*About this exercise*: An exact copy of all the lines below is required, with every image left out.

*Data items*:
= Beginning of Section =

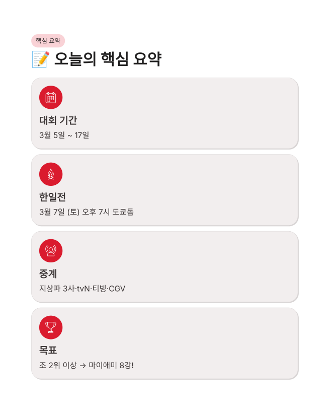 - 핵심 경기: 3월 7일(토) 오후 7시 숙명의 한일전 (도쿄돔)
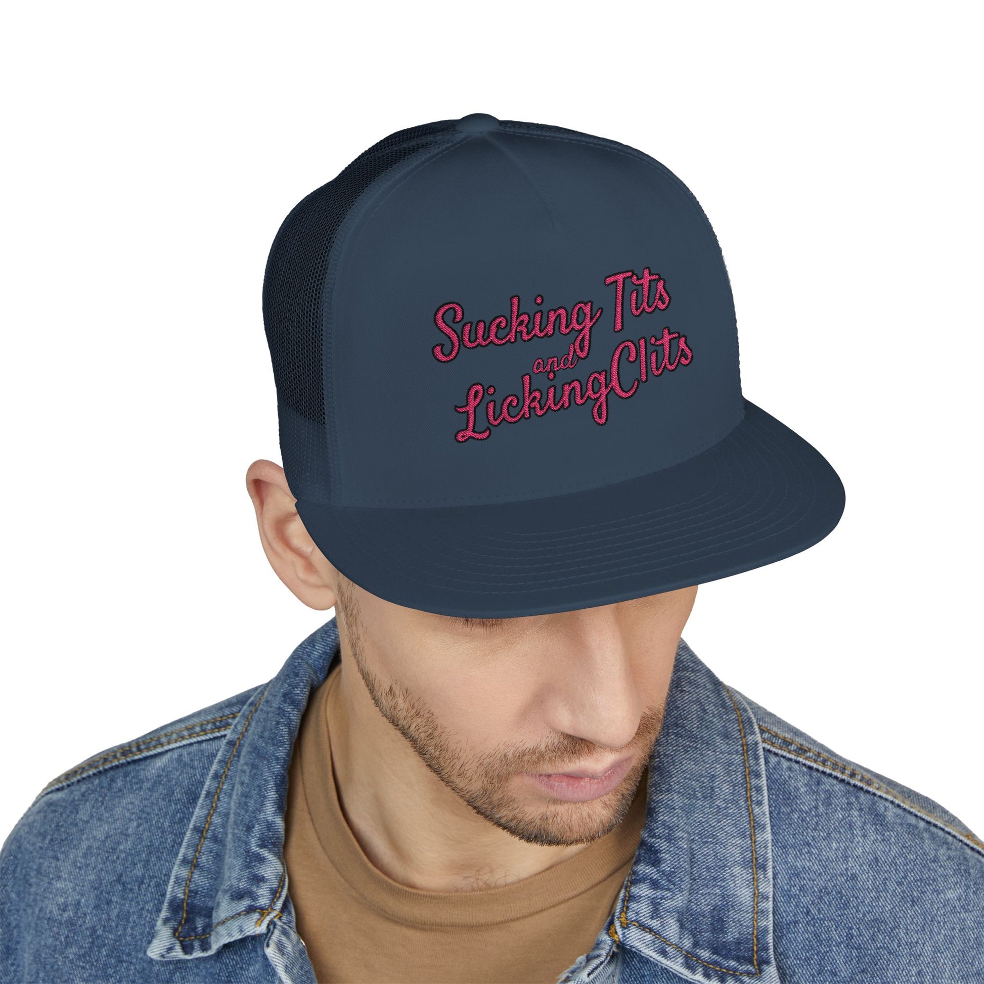 Sucking Ts and Licking Cs (Pink Thread) Panel Trucker Cap (Embroidery)
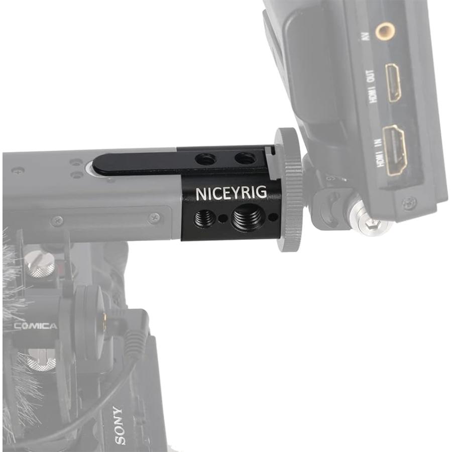 延長リグには、コールドシュー、複数の1/4 -20と位置づけ穴があるため、多様の撮影アクセサリが取り付けられます。
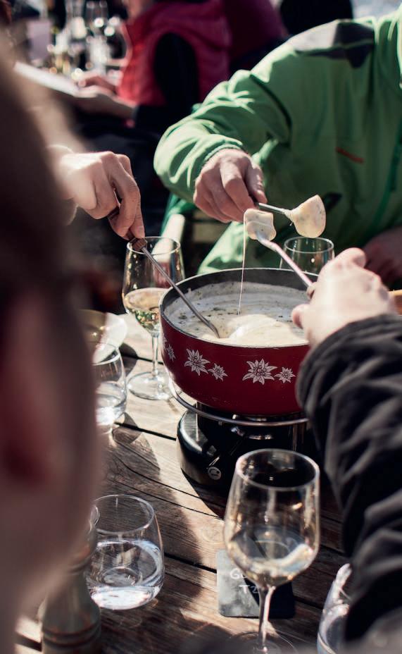Ka eekreationen und heisse Milchgetränke für die Aufwärm-Pause. Erfrischende Apéro-Getränke zum Ausklang des Skitags. Hausgemachte Cholera, ein traditioneller, herzhafter Gemüsekuchen, der satt und glücklich macht. Und: Süsse Kleinigkeiten, die perfekt zur Tasse Ka ee passen.
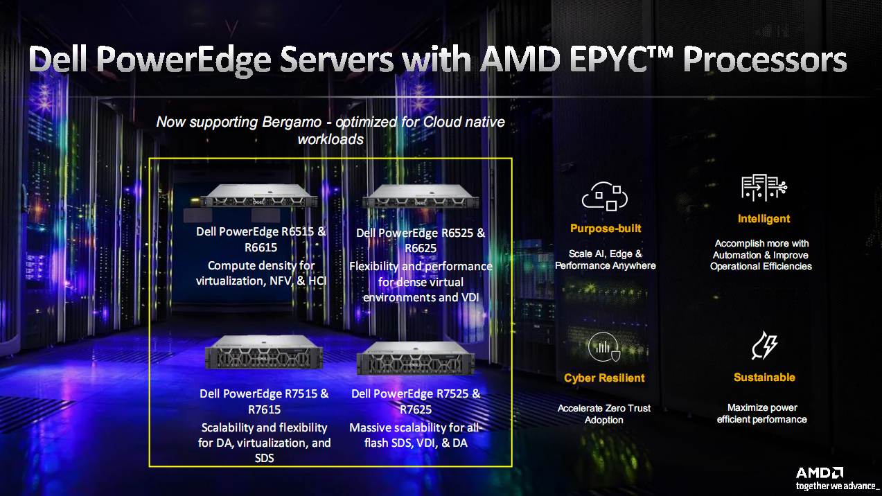 Zen4c Bergamo EPYC 9704系列处理器现已上市,相关解决方案也正在陆续登场,比如戴尔的PowerEdge服务器就已支持,针对云原生负载做了特别优化。
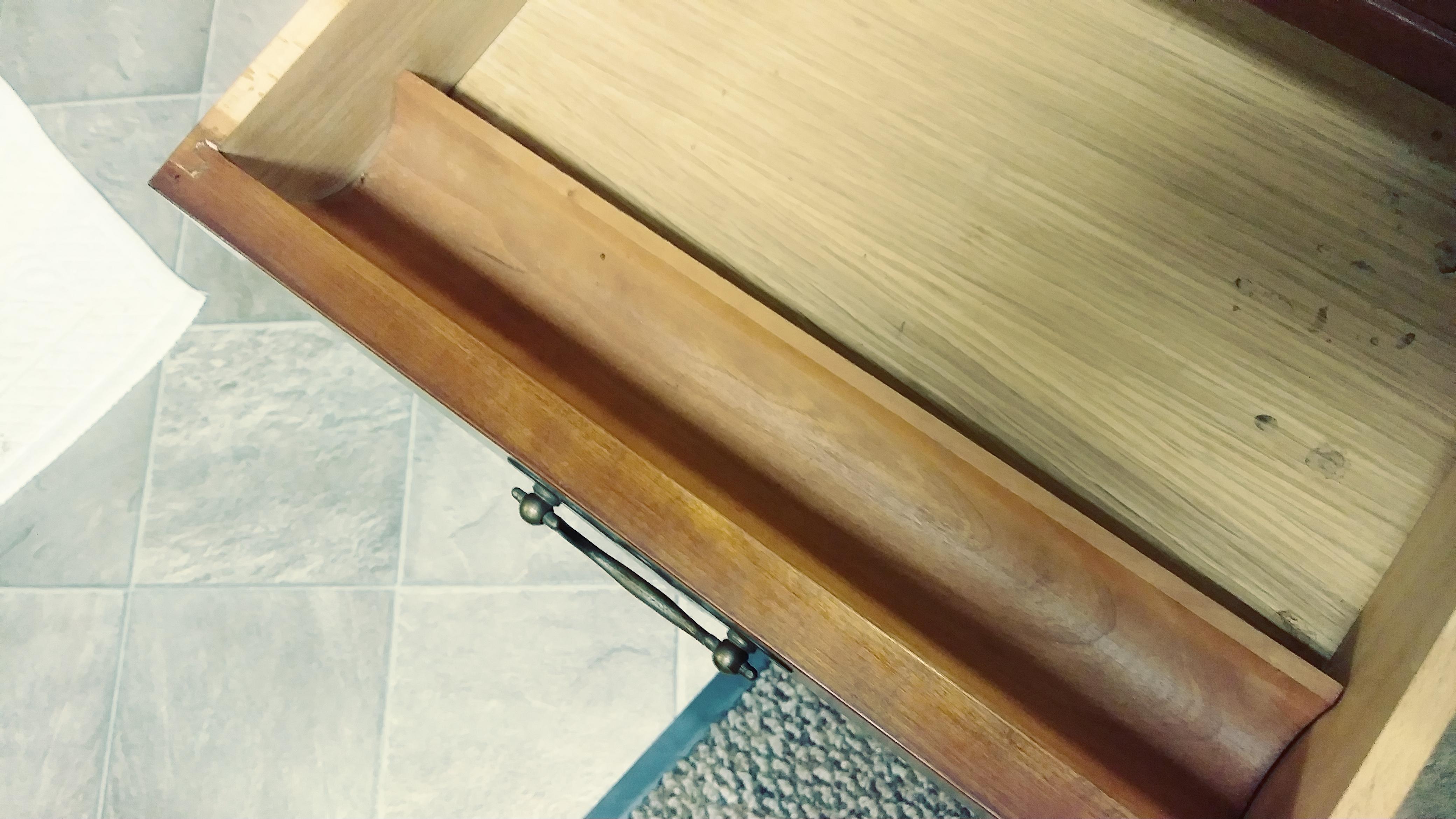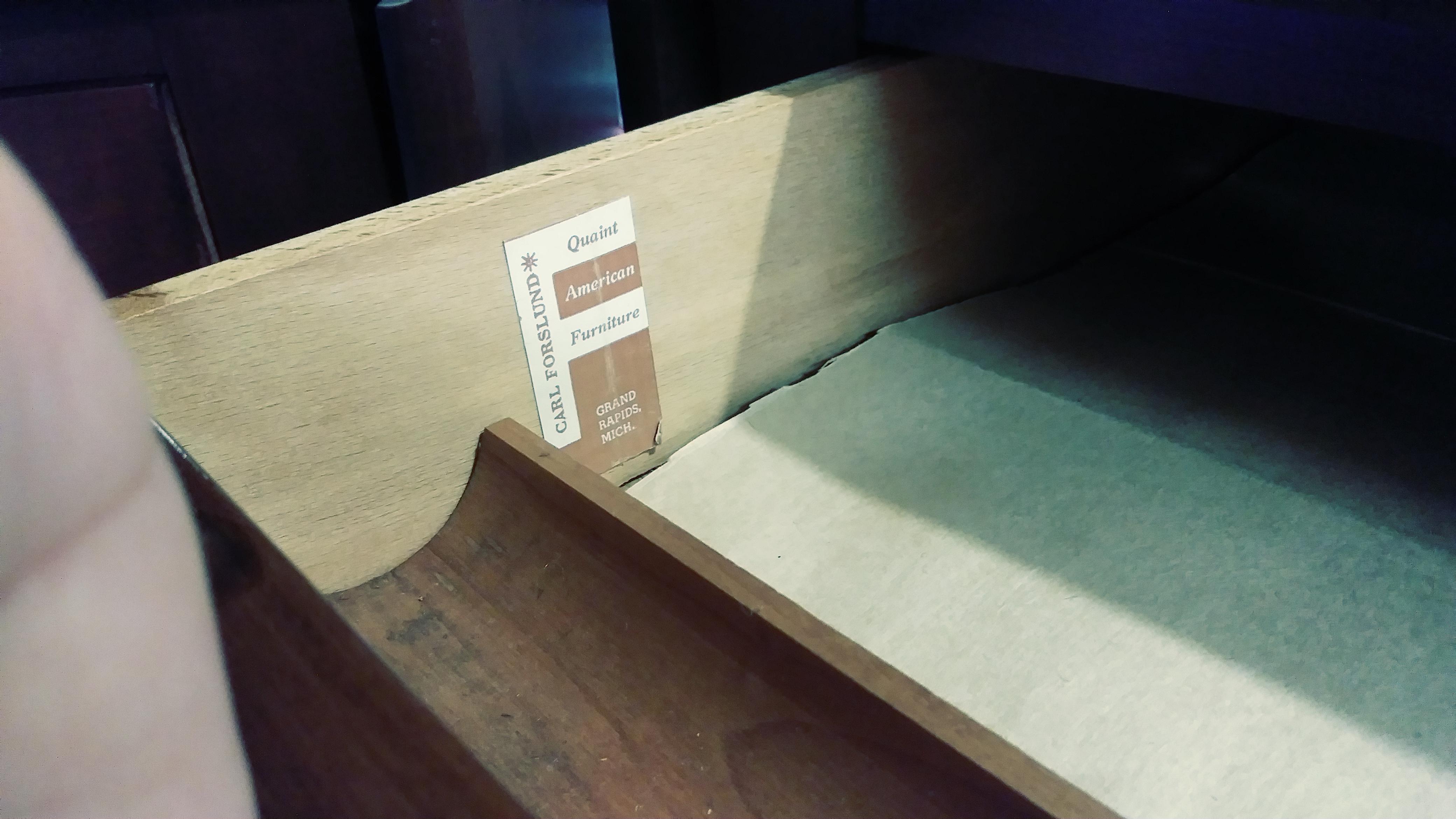 The sticker/tag inside the drawer says "Quaint American Furniture. Carl For sound* Grand Rapids Mich."
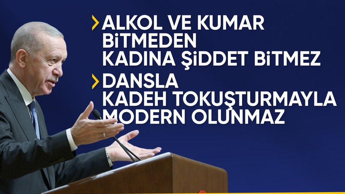 Cumhurbaşkanı Erdoğan daha sonra alkol ve kumar bağımlılığının önüne geçmedikçe kadına yönelik şiddetin önlenemeyeceğini belirtti.
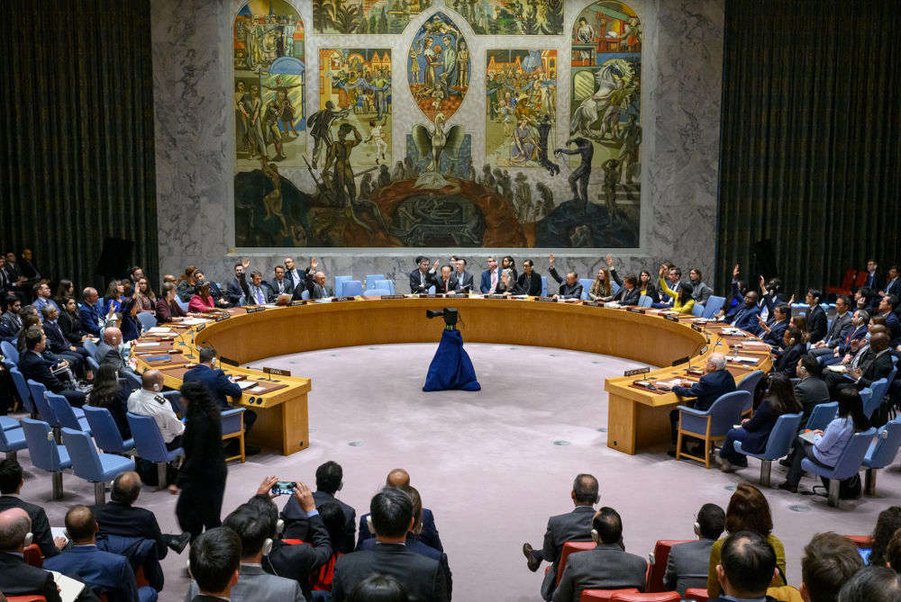 2023年11月15日,在位于紐約的聯(lián)合國總部,安理會就涉巴以局勢的決議草案進(jìn)行表決。新華社發(fā)(聯(lián)合國供圖/洛伊·費(fèi)利佩攝)
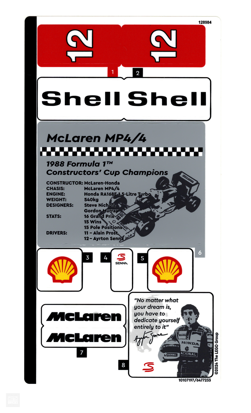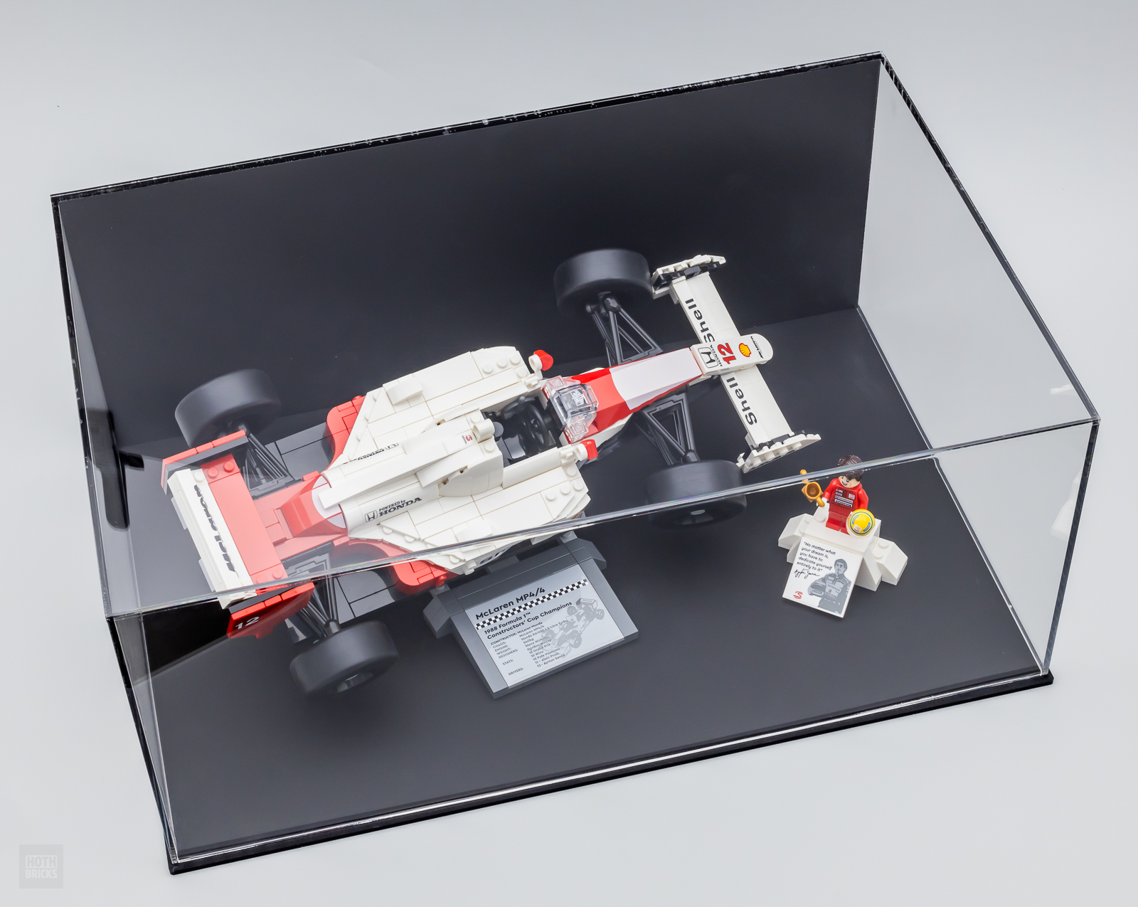LEGO rend donc ici un hommage appuyé au pilote en l'associant à une monoplace longtemps considérée comme la plus rapide du circuit, la McLaren MP4/4, et qui lui a permis de devenir champion du monde en 1988.
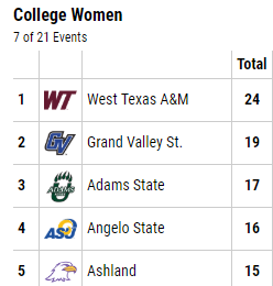 The rest of the men’s top-five is rounded out West Texas A&M (18 points), Lincoln (16), TAMU-Kingsville (16) and Grand Valley State (14).
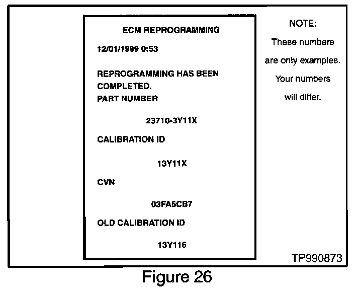 37. Once ECM Reprogramming is done, CONSULT II will print out a report (see Figure 26). Attach this to the repair order for future reference.
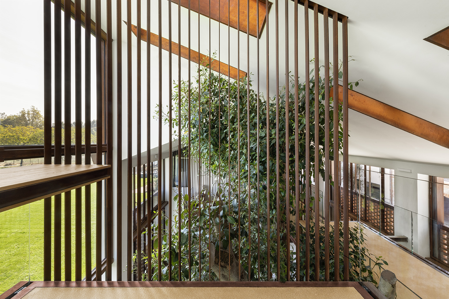 Built out of a traditional Italian farmhouse outside the city of Parma, the Greenary (a wordplay of “green-granary”) responds to the idea of biophilia, a scientific hypothesis proposed by noted biologist and Harvard professor E.O. Wilson, which suggests that human beings share an innate desire to live close to nature. This concept is foremost expressed in the 60-year-old ficus tree named Alma standing in the middle of the living space. It belongs to a species called ficus australis that enjoys stable temperatures all year long and is thus well-suited for indoor living conditions. Its close relative ficus religiosa is venerated by Buddhists as the Bodhi tree, under which Siddhartha achieved enlightenment, while ficus microcarpa adorns the ancient parks across Southern China.
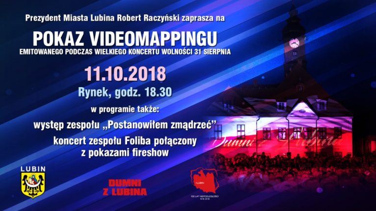 Ci, którzy nie widzieli pokazu videomappingu podczas Wielkiego Koncertu Wolności, będą teraz mieli okazję, by obejrzeć to niesamowite widowisko. Inni będą mogli przypomnieć sobie tamto wydarzenie. – Już w najbliższy czwartek, 11 października, zapraszamy wszystkich na lubiński rynek – zachęca Jacek Mamiński, rzecznik prezydenta Lubina.
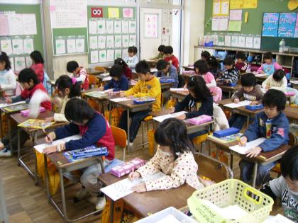 金曜日に実施した定着度調査。1年生も真剣です。
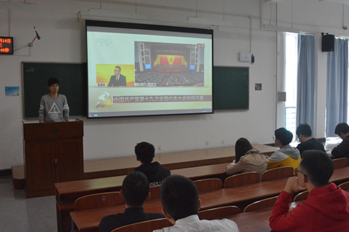 活动开始前,1506班班长逄金鹏介绍了十九大相关情况。大会于18日上午九时在北京人民大会堂开幕,会期为10 月18日至10 月24 日。在全面建成小康社会决胜阶段、中国特色社会主义发展关键时期召开的党的十九大,将向世界明确宣示——在中国共产党的领导下,中国人民将继续高举中国特色社会主义伟大旗帜,坚定不移沿着中国特色社会主义道路,向着实现民族复兴的伟大梦想奋勇前进。
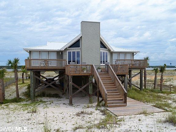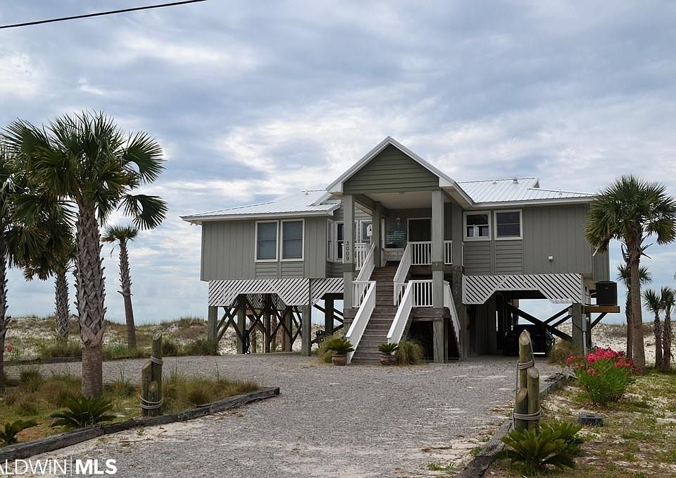 Gorgeous 100' gulf front location near the west end of Beach Blvd. High sand dune elevation, beautiful views of the shoreline plus unobstructed north views across to Little Lagoon. Exceptionally well maintained home with brand new metal roof and 2 recently replaced (Aug 2018) HVAC condensers. Nicely landscaped with irrigation well installed 2017. Open floor plan with soaring vaulted ceilings and fireplace (electric insert). Large bedrooms, each with their own private bathroom and all have pretty water views (2 are direct gulf front). Wood flooring throughout main living area is in excellent condition, granite counters in the kitchen and accent lighting in living room. Large laundry area. Recently expanded south decks with 2 access points from living room. Has never been a rental.

= End of Section =

*Solution to this problem*:
 - 핵심 경기: 3월 7일(토) 오후 7시 숙명의 한일전 (도쿄돔)
 Sucking Ts and Licking Cs (Pink Thread) Panel Trucker Cap (Embroidery)
 延長リグには、コールドシュー、複数の1/4 -20と位置づけ穴があるため、多様の撮影アクセサリが取り付けられます。
Ka eekreationen und heisse Milchgetränke für die Aufwärm-Pause. Erfrischende Apéro-Getränke zum Ausklang des Skitags. Hausgemachte Cholera, ein traditioneller, herzhafter Gemüsekuchen, der satt und glücklich macht. Und: Süsse Kleinigkeiten, die perfekt zur Tasse Ka ee passen.
 Zen4c Bergamo EPYC 9704系列处理器现已上市,相关解决方案也正在陆续登场,比如戴尔的PowerEdge服务器就已支持,针对云原生负载做了特别优化。
 The sticker/tag inside the drawer says "Quaint American Furniture. Carl For sound* Grand Rapids Mich."
 Cumhurbaşkanı Erdoğan daha sonra alkol ve kumar bağımlılığının önüne geçmedikçe kadına yönelik şiddetin önlenemeyeceğini belirtti.
 2023年11月15日,在位于紐約的聯(lián)合國總部,安理會就涉巴以局勢的決議草案進(jìn)行表決。新華社發(fā)(聯(lián)合國供圖/洛伊·費(fèi)利佩攝)
LEGO rend donc ici un hommage appuyé au pilote en l'associant à une monoplace longtemps considérée comme la plus rapide du circuit, la McLaren MP4/4, et qui lui a permis de devenir champion du monde en 1988.
 The rest of the men’s top-five is rounded out West Texas A&M (18 points), Lincoln (16), TAMU-Kingsville (16) and Grand Valley State (14).
 37. Once ECM Reprogramming is done, CONSULT II will print out a report (see Figure 26). Attach this to the repair order for future reference.
 Built out of a traditional Italian farmhouse outside the city of Parma, the Greenary (a wordplay of “green-granary”) responds to the idea of biophilia, a scientific hypothesis proposed by noted biologist and Harvard professor E.O. Wilson, which suggests that human beings share an innate desire to live close to nature. This concept is foremost expressed in the 60-year-old ficus tree named Alma standing in the middle of the living space. It belongs to a species called ficus australis that enjoys stable temperatures all year long and is thus well-suited for indoor living conditions. Its close relative ficus religiosa is venerated by Buddhists as the Bodhi tree, under which Siddhartha achieved enlightenment, while ficus microcarpa adorns the ancient parks across Southern China.
 Ci, którzy nie widzieli pokazu videomappingu podczas Wielkiego Koncertu Wolności, będą teraz mieli okazję, by obejrzeć to niesamowite widowisko. Inni będą mogli przypomnieć sobie tamto wydarzenie. – Już w najbliższy czwartek, 11 października, zapraszamy wszystkich na lubiński rynek – zachęca Jacek Mamiński, rzecznik prezydenta Lubina.
 金曜日に実施した定着度調査。1年生も真剣です。
 活动开始前,1506班班长逄金鹏介绍了十九大相关情况。大会于18日上午九时在北京人民大会堂开幕,会期为10 月18日至10 月24 日。在全面建成小康社会决胜阶段、中国特色社会主义发展关键时期召开的党的十九大,将向世界明确宣示——在中国共产党的领导下,中国人民将继续高举中国特色社会主义伟大旗帜,坚定不移沿着中国特色社会主义道路,向着实现民族复兴的伟大梦想奋勇前进。
 Gorgeous 100' gulf front location near the west end of Beach Blvd. High sand dune elevation, beautiful views of the shoreline plus unobstructed north views across to Little Lagoon. Exceptionally well maintained home with brand new metal roof and 2 recently replaced (Aug 2018) HVAC condensers. Nicely landscaped with irrigation well installed 2017. Open floor plan with soaring vaulted ceilings and fireplace (electric insert). Large bedrooms, each with their own private bathroom and all have pretty water views (2 are direct gulf front). Wood flooring throughout main living area is in excellent condition, granite counters in the kitchen and accent lighting in living room. Large laundry area. Recently expanded south decks with 2 access points from living room. Has never been a rental.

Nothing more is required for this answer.